Cota nas universidades: Inclusão ou retrocesso?
Enviada em 19/11/2020
As cotas nas universidades brasileiras podem serem vistas de duas maneiras, como retrocesso ou inclusão. Porém devido ao passado e também ao presente do país, a cota deveria ser considerada por todos como inclusão.
Primeiro, em 1988 quando foi assinada a Lei Aurea que determinou a libertação dos escravos, não foi dado a eles nenhuma assistência econômica ou social, o que deu continuidade para os brancos continuarem sendo ricos e chefes, e os negros pobres e empregados. Um fato que reflete até nos dias de hoje, visto que no Brasil a cor da sua pele diz muito a respeito da condição financeira do cidadão.
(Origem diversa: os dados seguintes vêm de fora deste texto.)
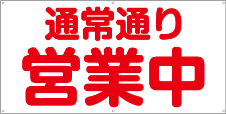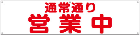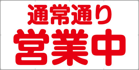 [受注生産]通常通り営業中横幕白背景赤文字ターポリン180cm×90cm TA008-02

Segundo, de acordo com a constituição é dever do estado garantir educação para todos, e a universidade não deixa de ser uma educação. Tendo em vista que a realidade de quem vive na preferia, onde se concentra o maior numero de negros ou descendentes, a educação pública deixa a desejar perto dos ensinos particulares, as cotas são necessárias para haver equidades nas vagas de vestibulares.
Portanto, por mais que exista negros e descendentes com condições financeiras para investir na educação, a cota é o mínimo de uma dívida a ser paga para uma raça que foi cruelmente escravizada, e uma porta de entrada para mudar a hierarquização econômica que existe no Brasil, fazendo assim um país mais democrático.